KENSINGTON PALACE AND ORANGERY: GREAT VISIT. INTERESTING TOUR. FABULOUS AFTERNOON TEA!





Kensington Palace London (12)
Kensington Palace near entrance to the exhibit area



Afternoon tea at the Orangery Kensington Palace London (2)
The Orangery at Kensington Palace
Afternoon tea at the Orangery Kensington Palace London (4)
The Orangery at Kensington Palace
Probably best known as the place that Princess Diana was living when she tragically died, and had been since her marriage and separation from Prince Charles, Kensington Palace is actually a massive complex with some 700 rooms and many parts of the Royal Family have or are living there. So it is not so much as a palace as a gated housing development!

When people live in the Palace it seems they have a number of rooms, and the residential parts are the ones that cannot easily been seen from the gates and boundaries.


The Palace itself is extremely old, not surprisingly, and in addition to being known as the home of Princess Diana was also the home of Princess Margaret ( whose very 60s style decoration is apparently still in place and the rooms are going to be open to the public as part of a major Kensington Palace 2012 revamp currently under way. Some of Queen Elizabeth's cousins qnd their families live there still.


The grounds of the palace are not huge, but in a great location surrounded by Kensington Gardens. In the actual grounds is a beautiful formal garden and then large lawns with a large and very beautiful Organery building that houses a restaurant that as well as serving lunch, serves various afternoon tea options.. These involve tier holders with sandwiches, cakes and scones and different teas. We were given gift vouchers as a birthday gift which gave us entry to the "Enchanted Palace" exhibition and champagne afternoon tea at the Orangery.


As the pictures show, the room is fantastic, large, bright and stylish. The afternoon tea great. Though you cannot reserve a time and table and the line to get in can be slow and involve hanging about a great deal.


The exhibition in the Palace takes you through about 30 rooms and is themed around the story if princesses and enchantment. You get thus hand drawn effect sheet to guide you round. And to be honest I think it was all a bit too arty. It was hard to get to understand the history and what we were seeing and looking at - which seems crazy when there is so much history in the place with kings, queens and other royalty having used or lived here for hundreds of years. Inyerstingly I had tweeted we were there and I got a message on the Monday and responded that this was a miss and they thanked for the input - so at least they trying to engage and find out what visitors looking for as they work on the revamp.


The one thing that did help, was the staff. In some of the rooms we asked some of the people to tell us more and they were Very enthusiastic and happily chatted away and told us anecdotes and stories about the place and rooms, which was brilliant and needed as standard like other places do on cards or guide sheets.
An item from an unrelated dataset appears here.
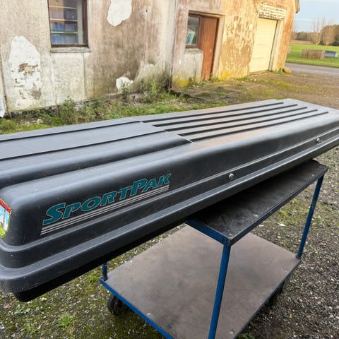 Tagboks med nøgle, fin stand, helt tæt og med plads til feriegrej, skiudstyr mm.

It is easy to spend a few hours in the house if you do that and find out more. Overall though think the enchanted theme is a bit too arty and obscure for most tourists looking to immerse in British Royalty and pomp. But either way, the place was well organised, beautiful and worth visiting.


The gift shop has many unusual and interesting gifts and items that is worth spending time in. We came away with china mugs, a book on the palace, jams and managed to resist most of other personalised bits and pieces!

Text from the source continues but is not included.